As a general remark, what I am really missing is a test where not time, speed, number of threads, or any similar resource is doubled subsequently but knowledge ... I hope someone can do that at some point in the future ?!
And returning to the toy "Endgame Chess", I have large files of 5-men Draws and 5-men Wins occurring in games. Against a Syzygy enabled, Stockfish misses 2 draws out of 1000, Zurichess 72 out of 1000. Out of 1000 Wins, Stockfish misses 87 Wins, Zurichess 524 Wins. (On a side note, to observe that it's much easier for engines to miss a Win than to miss a Draw). These results show too the dramatic absolute strength of Stockfish in drawn endgames and generally in endgames. These sorts of results will occur in normal Chess in maybe 20 years, with 95%+ draw rates of top engines from balanced positions even in fast games, keeping the same paradigm, which seems to work, and which seems hard to improve. The parallel with Checkers seems hard to avoid.

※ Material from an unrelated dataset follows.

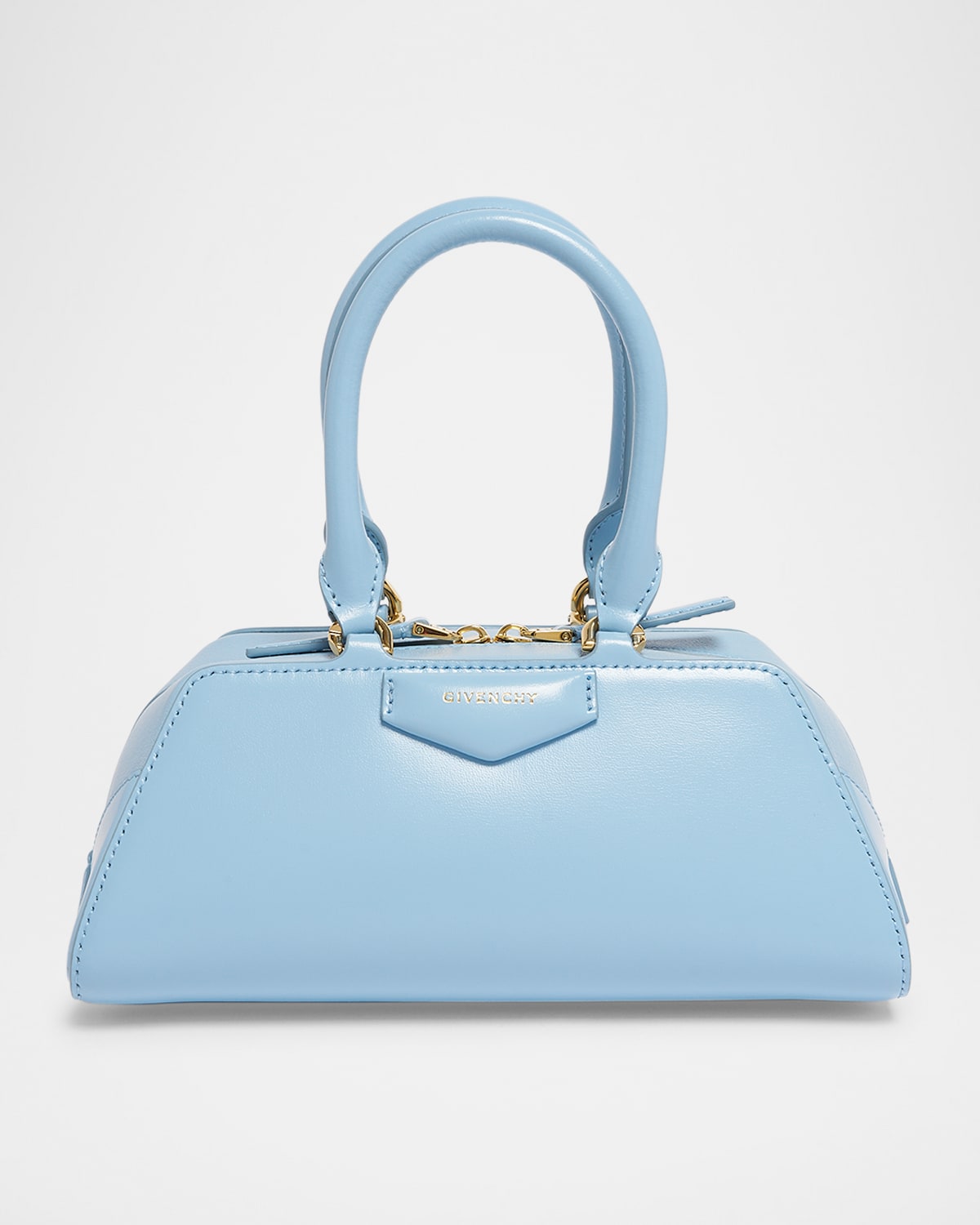 The "Antigona" tophandle bag from Givenchy features a modern, eastwest geometric design with its clean lines and fine hardware finishes Crafted in smooth and shiny box leather Rolled top handles Detachable, adjustable crossbody strap, 23.2" drop Twoway zip top Lining: Cotton Approx. 4.3"H x 9.5"W x 4.3"D Made in Italy

As for your proposal for "doubling knowledge", I don't know how to measure "knowledge". Its efficiency ELO-wise? Its size? Its scaling with time control? The current paradigm is that progress in "knowledge" does not come uniformly with progress in ELO. Rybka 1.0 had less knowledge than Shredder 9, but was significantly ahead as strength goes and a real progress. Andscacs might have more "knowledge" than Stockfish, but it is behind. It seems, though, the more knowledgeable engines are scaling better to longer TC and hardware.